Search This Blog

Thursday, August 23, 2012

Install PDF iFilter in SharePoint 2010 Foundation

Introduction:  Recently a customer asked me to install a PDF IFilter in SP 2010 Foundation.  After reading a few blogs and doing some experimentation I learned that this would not be as straight forward as I first thought.  The purpose of this blog is to help guide you through this process so you can get it done quickly and easily.

1.  Why a PDF IFilter? 

According to Microsoft - "When crawling content, the crawler uses an IFilter to read individual file types. Some IFilters read only one file type, whereas others can read several file types. If you have to crawl a file type that is not supported by an IFilter that is provided with Microsoft SharePoint Server 2010, you must install and register the appropriate IFilter on the crawl server."

Since PDF is not "a file type that is not supported by an IFilter that is provided with Microsoft SharePoint Server 2010" you will have to install this IFilter on your search servers if you plan to be able to search inside PDF files.  (A complete list of IFilters that are provided by default can be found here.)

2. Where can I get the PDF Ifilter for SharePoint 2010?

The Adobe PDF IFilter 9 for 64-bit platforms is available for download here.

3.  Process Overview:

Before we get started I wanted to give you an overview of the process steps (you will follow these steps on each SharePoint Server that runs the SharePoint Search Service):

A.  Install the PDF IFilter
B.  Save the PDF file icon to the images folder
C.  Add the mapping entry to the DocIcon.XML file
D.  Modifiy the Registry setting (PowerShell)
E.  Add the extension (PowerShell)
F.  Stop/Start the SharePoint Search Service (PowerShell)
G. Reboot the server
H. Run a full crawl
I.  Run  a PDF search test


4. Step A - A. Install the PDF IFilter

Once you have downloaded the PDF IFilter from the link above (or here), copy the downloaded file to your SharePoint Server, unpack the zip file, and run the PDFFilter64Installer.
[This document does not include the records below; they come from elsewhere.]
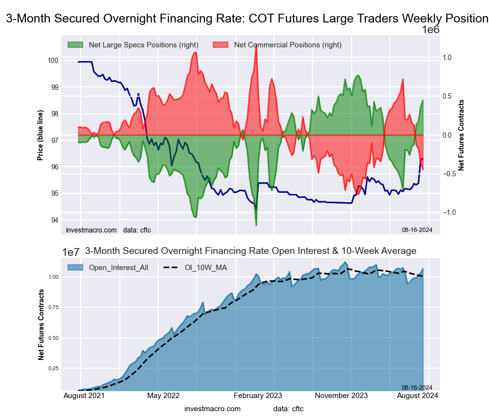 The Secured Overnight Financing Rate (3-Month) large speculator standing this week equaled a net position of 445,064 contracts in the data reported through Tuesday. This was a weekly advance of 77,916 contracts from the previous week which had a total of 367,148 net contracts.
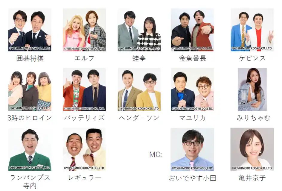 出演者:囲碁将棋、エルフ、蛙亭、金魚番長、ケビンス、3時のヒロイン、バッテリィズ、ヘンダーソン、マユリカ、みりちゃむ、ランパンプス寺内、レギュラー |
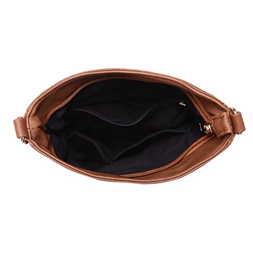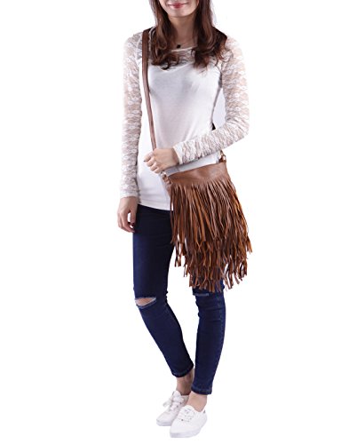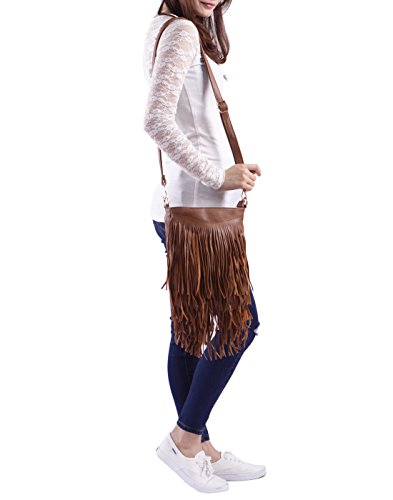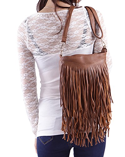 -. Brand : HDE -. Department : womens -. Feature : Zip closure | Lined interior with a wall zip pocket and 2 slip pouches / 5-layers of fringe detail for a unique boho style; has 7 inch fringe overhang / Soft flat base | Gold metal accents | Side pouch / Can be carried across the body or over the shoulder / Height: 8.5" Length: 8.5" Width 3" | Includes adjustable shoulder strap (14" - 25.75" drop) -. ProductGroup : Shoes -. ProductTypeName : HANDBAG -. Title : HDE Women's Leather Hobo Long Fringe Crossbody Tassel Purse Small Handbag
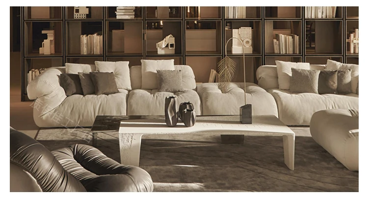 イタリアンクリーム風ファブリックソファ|モダンミニマリストデザイン|自由に組み合わせ可能なアイランド豆腐型|ラグジュアリーで高級感あふれるリビングの必需品!
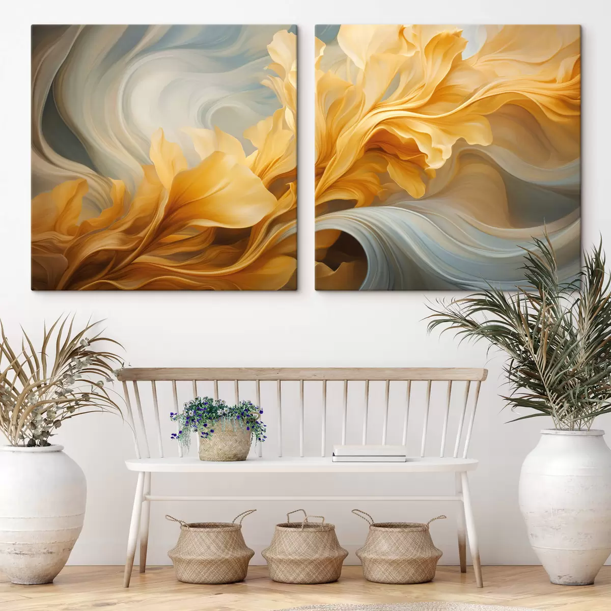 Hay tres tipos de material disponibles para pedidos: Lienzo Económico - material denso y duradero para impresión digital, idéntico al lienzo de pintor, superficie impermeable, reproducción realista de los detalles, material de grano medio. Lienzo Premium - la textura se asemeja a la de un lienzo de pintor (pequeños hilos entrelazados). Reproducción suave y detallada de la imagen sobre una superficie mate. Eco-Premium - tejido 100% algodón de alta calidad. Gracias a las fibras naturales de algodón, el material es duradero y resistente al desgaste. Excelente reproducción del color y el detalle.
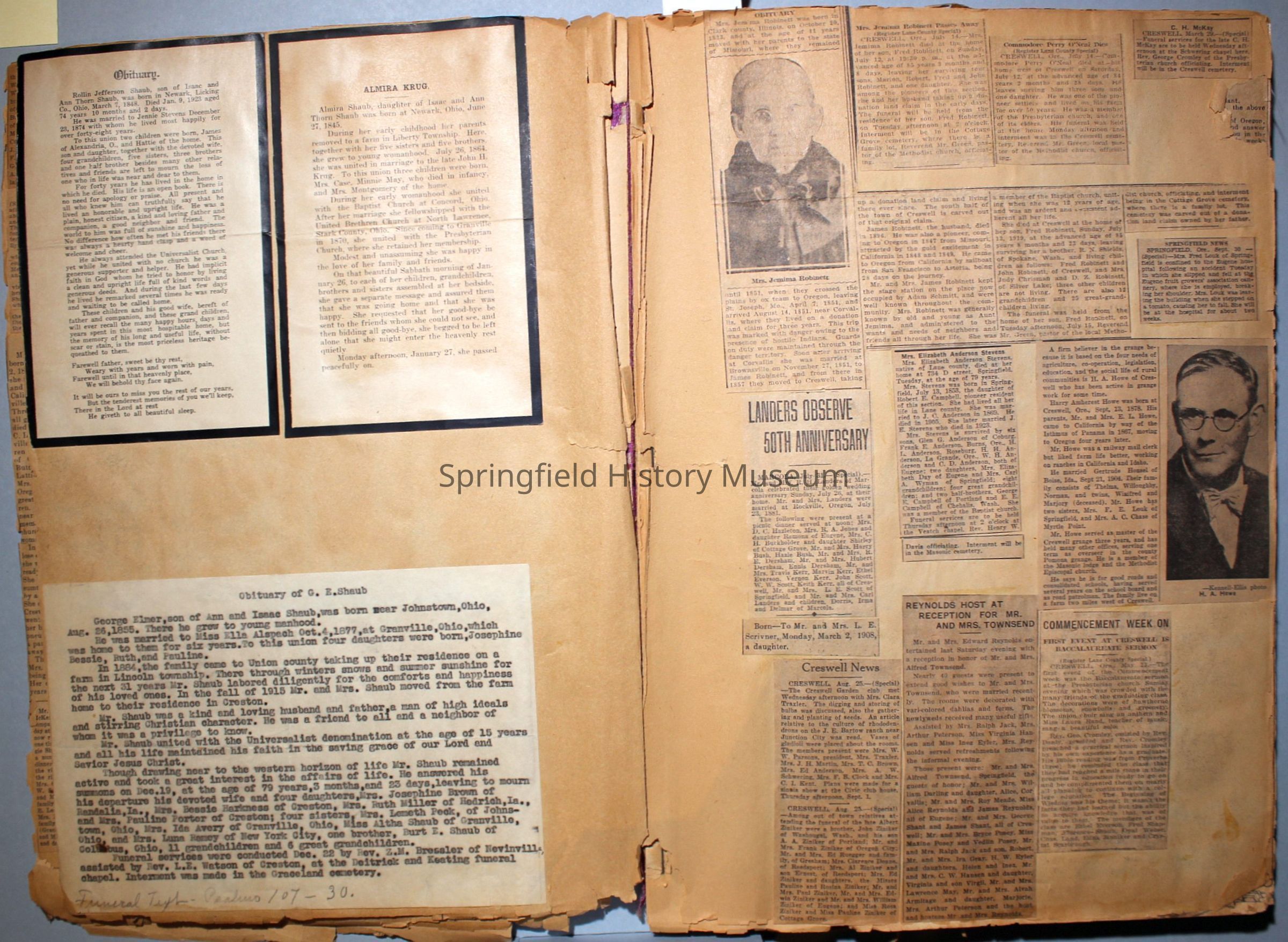 Scrapbook created by Virginia (Virgie) Almira Shaub Townsend Reynolds (1881-1965).
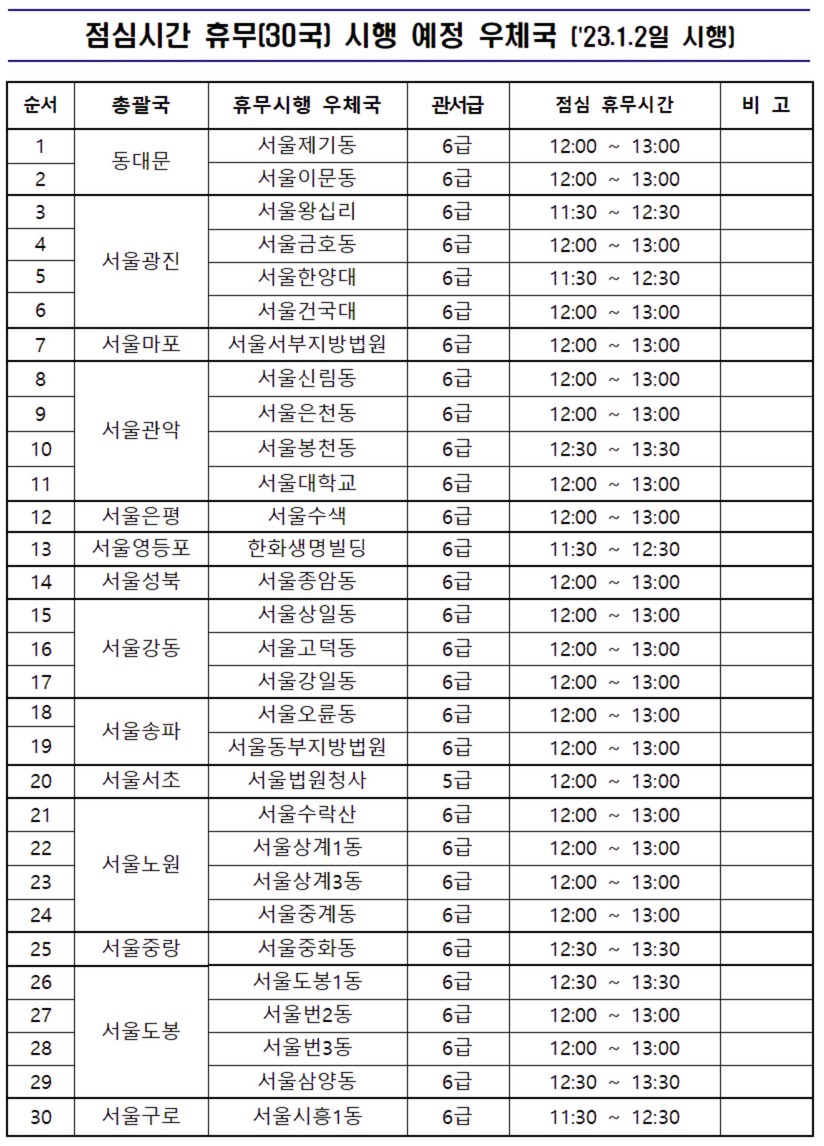 2. 2023년부터 점심시간 휴무 시행 예정인 서울지역 우체국
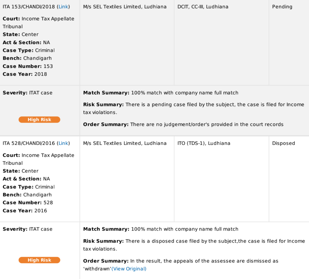 If SEL’s lenders had access to such a report, they would have known that SEL Textiles had 60 registered cases. Between 2015 to 2018, SEL was involved in multiple income tax violation cases in the ITAT (Income Tax Appellate Tribunal).
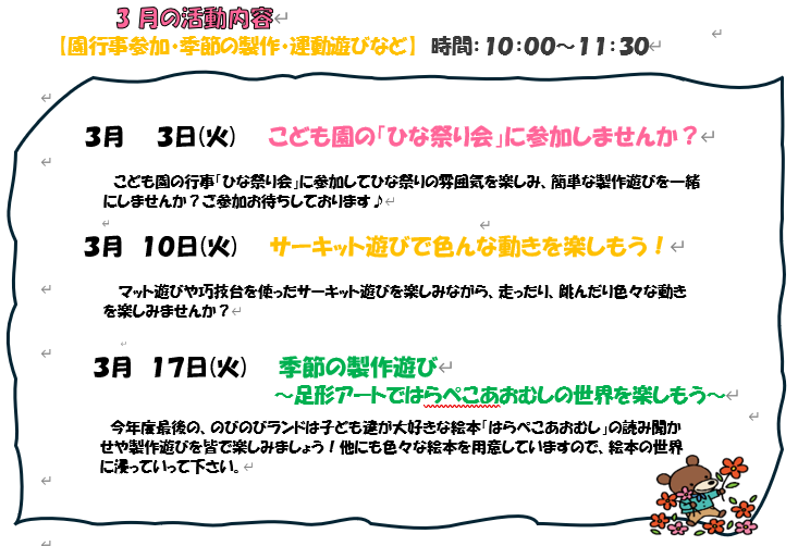 2026.02.25 お知らせ kitakodoen 3月のびのびランド 3月の のびのびランド活動予定です! 寒い冬も終わりを告げ、温かい春がやってきました。今月も楽しい活動を予定していますので、沢山の参加をお待ちしております。 コメントを残す コメントをキャンセルメールアドレスが公開されることはありません。 ※ が付いている欄は必須項目ですコメント ※ 名前 ※ メール ※ サイト 次回のコメントで使用するためブラウザーに自分の名前、メールアドレス、サイトを保存する。
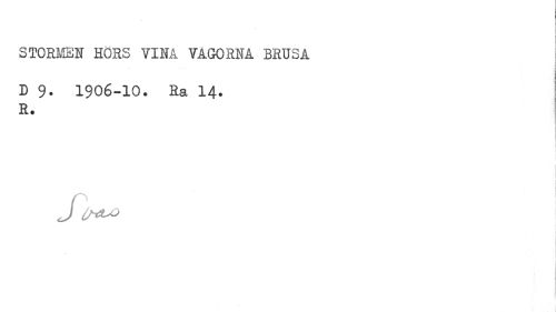 //// I //// I //// STORMEN HÖRS VINA VÅGORNA BRUSA //// i //// D 9- 1906-10. Ra 14. //// E. ////
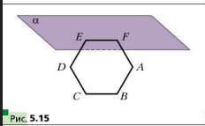 Вершины \( E \) и \( F \) правильного шестиугольника \( ABCDEF \) лежат в плоскости \( \alpha \), отличной от плоскости шестиугольника (рис. 5.15). Каково взаимное расположение плоскости \( \alpha \) и прямой: 1) \( BC \); 2) \( AB \); 3) \( BD \); 4) \( AD \)?
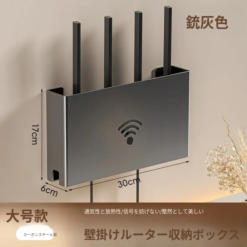 【グレー-大サイズ30cm】壁掛けルーター収納ボックス
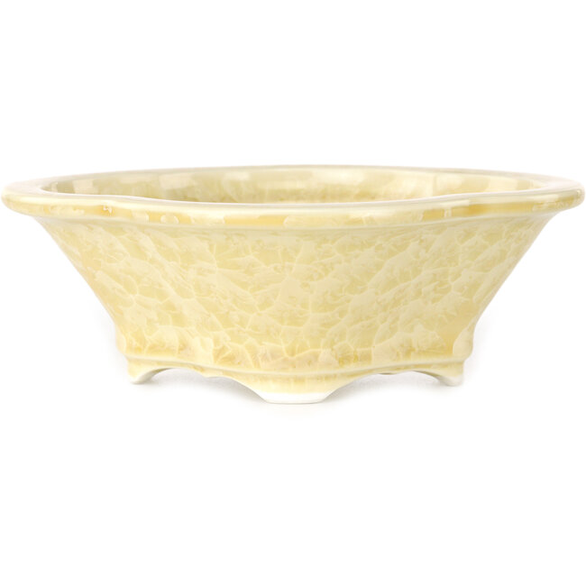 155 x 140 x 50 mm | Maker: Heian Senzan | Origin: Tokoname, Japan | Characteristics: Mokko handmade off-white, crystal glaze bonsai pot Read more.
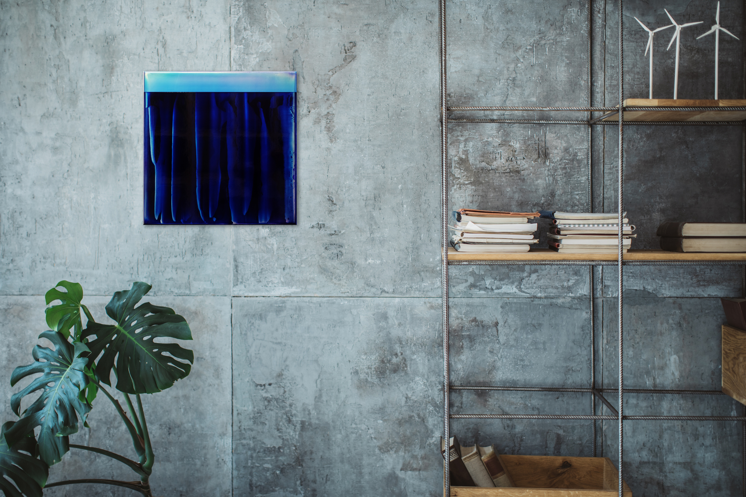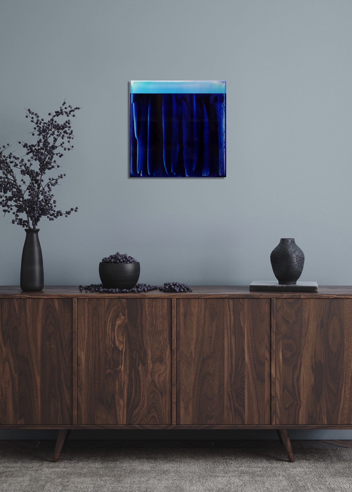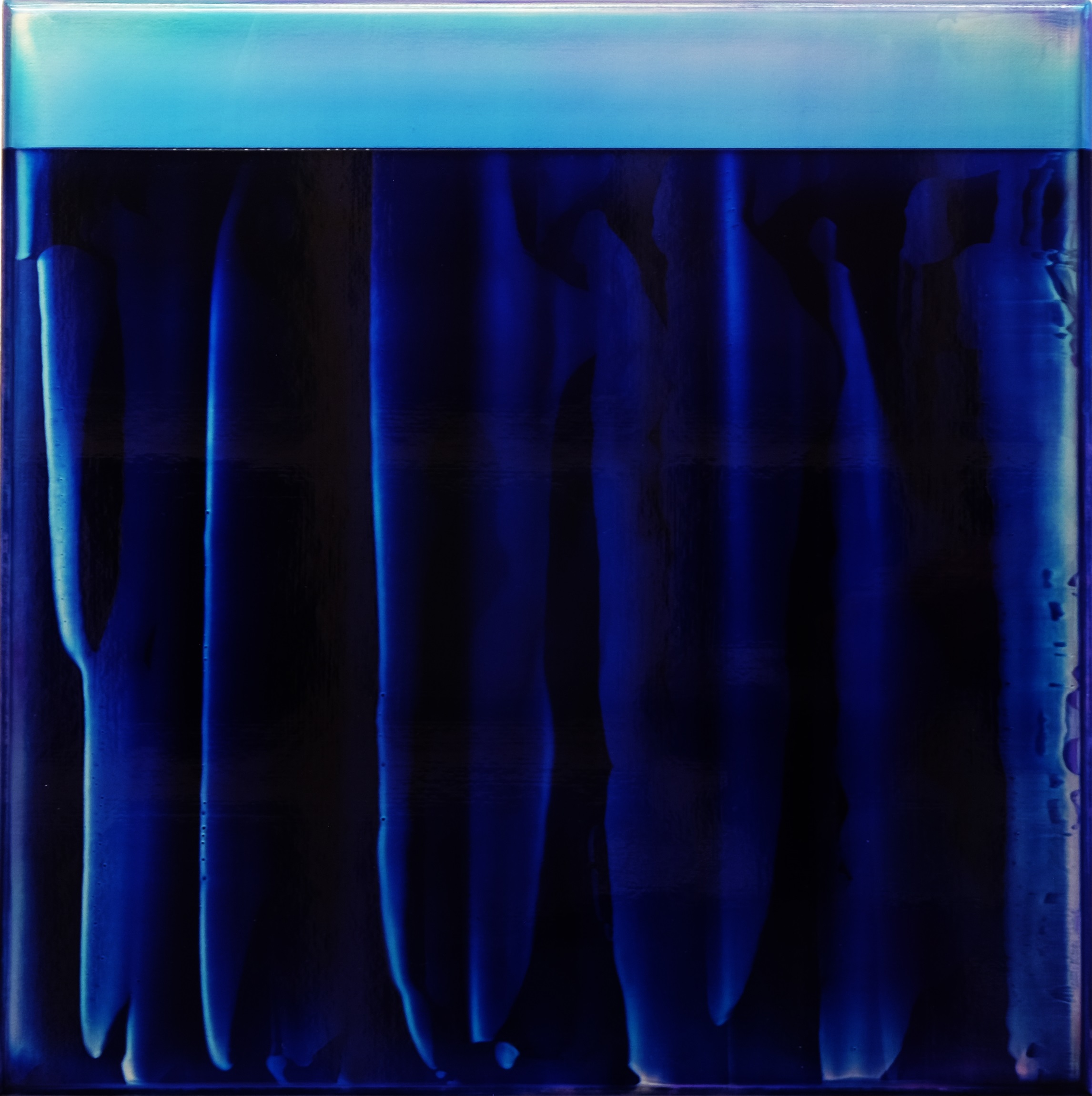 James Lumsden’s abstract paintings explore themes of light, colour and depth. His creative process involves superimposing dozens of thin layers of acrylic paint and gel gloss onto the canvas. This mixture is worked with specific tools to conceal or bring out traces and marks. Layer by layer, the artist succeeds in creating an illusion of depth and light within the painting, immersing the viewer in a mysterious and seductive universe.

5. Step B - Save the PDF file icon to the images folder

Download the Adobe PDF file icon from hereSave the Adobe PDF file icon to the following file location: 

C:\Program Files\Common Files\Microsoft Shared\Web Server Extensions\14\Template\Images\  

6. Step C - Add the mapping entry to the DocIcon.XML file

Navigate to this folder - c:\Program Files\Common Files\Microsoft Shared\Web Server Extensions\14\Template\Xml

Make a copy of the DocIcon.xml file. Edit the original DocIcon.xml file using notepad, and add the following entry in the correct location (it should be placed in alphabetical order):

<Mapping Key="pdf" Value="pdf16.gif"/>

7. PowerShell Script:  For steps D, E and F we will use the following PowerShell Script from Thierry Buisson:

################################ 
# Thierry BUISSON 
# http://www.thierrybuisson.fr 
# 
# Activate pdf extention for Foundation 2010 Search 
# source http://support.microsoft.com/kb/2518465 
################################ 
 
function AddExtension([string] $extension){ 
 
    if ($extension -eq $null) { 
        Write-host "No extention Found" 
    } 
    else{ 
        Write-host "Activating extension $extension" 
         
        $gadmin = new-object -comobject "SPSearch4.GatherMgr.1" -strict 
                 
        Foreach ($application in $gadmin.GatherApplications) 
        { 
            write-host "application name is $application.name" 
            Foreach ($project in $application.GatherProjects) 
            { 
                write-host $project.Extensions 
                $project.Gather.Extensions.Add($extension) 
            } 
 
        } 
    } 
} 
 
function AddPdfRegKey(){ 
     
    $pdfKey = "HKLM:\SOFTWARE\Microsoft\Shared Tools\Web Server Extensions\14.0\Search\Setup\ContentIndexCommon\Filters\Extension\.pdf" 
     
    $pdfguid = "{E8978DA6-047F-4E3D-9C78-CDBE46041603}" 
     
    if (Test-Path $pdfKey) {   
        write-host "Pdf registry key already exists"  
         
        $key = Get-Item $pdfKey 
        $values = Get-ItemProperty $key.PSPath 
        foreach ($value in $key.Property) { $value + "=" + $values.$value } 
    } 
    else {   
        Write-host "creating key $pdfKey" 
         
        #create key 
        New-Item -Path $pdfKey 
         
        #Set default value to good guid 
        $defaultKeyName = "(default)" 
        Set-ItemProperty -Path $pdfKey -Name $defaultKeyName -Value $pdfguid 
    } 
     
     
} 
  
AddPdfReqKey 
AddExtension "pdf" 
 
& net stop SPSearch4 
& net start SPSearch4 
 
8. Step D - Modifiy the Registry setting (PowerShell)

To make the neccessary registry entries the script will run the "AddPdfRegKey" function. 

9. Step E - Add the extension (PowerShell)

To add the extension the script will run the "AddExtension" function. 
 

10. Step F -  Stop/Start the SharePoint Search Service (PowerShell)

To stop/start the SharePoint Search Service the script will run the "net stop SPSearch4" and "net start SPSearch4" functions. 

11. Step G - Reboot the server

12. Repeat the Steps Above -  Repeat the steps above on anny additional SharePoint server that have the SharePoint Serach Service running on them. (I know it is uncommon to have more than one search server - especially in Foundation - but this kind of b uild can actually be done as well).

12. Step H - Run a full crawl

Run a full crawl on the SharePoint Search Server by using the following stsadm command (be sure you have added some PDF content to each of the web applications before running the full crawl):

stsadm -o spsearch -action fullcrawlstart

13. Step I -  Run a PDF search test

Go to your sites that have PDF content and run a search for the content inside those PDF files.
Conclusion:  Installing a PDF IFilter to your SharePoint 2010 Foundation Search Server(s) can be cahllenging, but by following this process you should be able to get this process done quickly and easily.

I hope that helps!

Tom